If not, then use a double FPM pool, and use a FastCGI load balancer to balance between the two pools when deploying. Lighttpd and Nginx have this feature enabled by default as far as I remember :

  • take out the server from load (disconnect it from your load balancer)
  • shut down FPM, you will kill PHP (and then OPCache) and will be extra safe especially about PHP's realpath cache, which may trick you. This latter will be cleared if you shut down FPM. Monitor the eventual workers that may be stuck, and kill them if necessary.
  • deploy a new version of your application at once
  • restart your FPM pool. Don't forget to prime your new cache smoothly by triggering curl requests on major application entry points before
  • open back your server to traffic

If you don't want to take your server out of the balancer, what can be done then, is :

  • Deploy your new code into another directory, as your PHP server has one FPM pool still active and serving production requests
  • Start another FPM pool, listening on another port, while still having the first FPM pool active and serving production requests
  • Now you have two FPM pools, one hot and working, one idle, waiting to be bound to requests
  • Change your documentroot symlink target to target the new deploy path, and immediately after, stop the first FPM pool. If you told your webserver about your two pools, it should notice the first pool is dying, and should load balance traffic to the new pool now, with no traffic interruption nor failing requests. The second pool will then be triggered, will resolve the new docroot symlink (as it is fresh and has a cleared realpath cache), and serve your new content. This clearly works, I used that on production servers many times, a ~80 lines well written shell script can take care of all this job.

So depending on the settings, one unique script may lead to several keys computed by opcache. But the key store is not infinite : it is also allocated into shared memory, and may get full, in which case even if there is still lot of room into the shm, because the persistent script hashtable is full, OPCache will behave like if it had no more memory, and will trigger a restart for next requests.
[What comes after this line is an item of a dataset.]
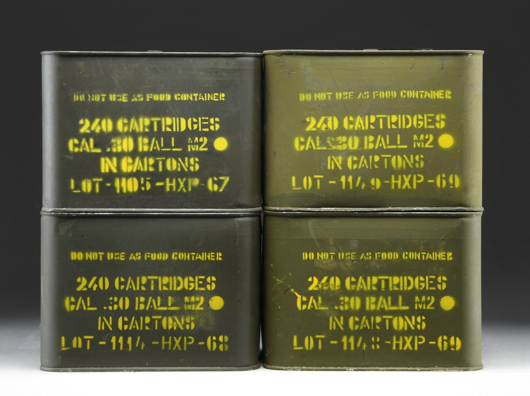 Greek manufacture produced in the late 1960's. The 4 sealed metal "spam cans" are complete with opening keys. The 4 cans are marked "240 cartridges cal. .30 ball M2 in cartons". CONDITION: cans are in very good condition, retaining nearly all original green paint w/ light handling wear. Markings are legible. Ammunition not inspected due to the sealed nature of the cans. (02-23752-3/RW). AMMO. $300-600.

You always should monitor the number of keys in the key store, for it never to be full.

OPCache gives you this information with the use of opcache_get_status(), a function the different GUIs rely on. The num_cached_keys dimension returned by this function gives the info. You should preconfigure the number of keys, as a hint, using opcache.max_accelerated_files INI setting. Take care as the name suggests a number of files, in fact it is the number of keys that OPCache will compute, and as we've seen, one file may lead to several keys beeing computed. Monitor it, and use the right number. Avoid using relative paths in require_once statements, it makes OPCache generate more keys. Using an autoloader is recommanded, as this one, if well configured, will always issue include_once calls with full paths, and not relative ones.

OPCache preallocates the HashTable to store future persistent scripts when it starts (when PHP starts), and never tries to resize it. If it gets full, it will then trigger a restart. This is done for performance reasons.

So this is why you may see a num_cached_scripts dimension which is different from the num_cached_keys dimension, from OPcache status report. Only the num_cached_keys info is relevant, if it reaches max_cached_keys, you'll be in trouble with a restart pending.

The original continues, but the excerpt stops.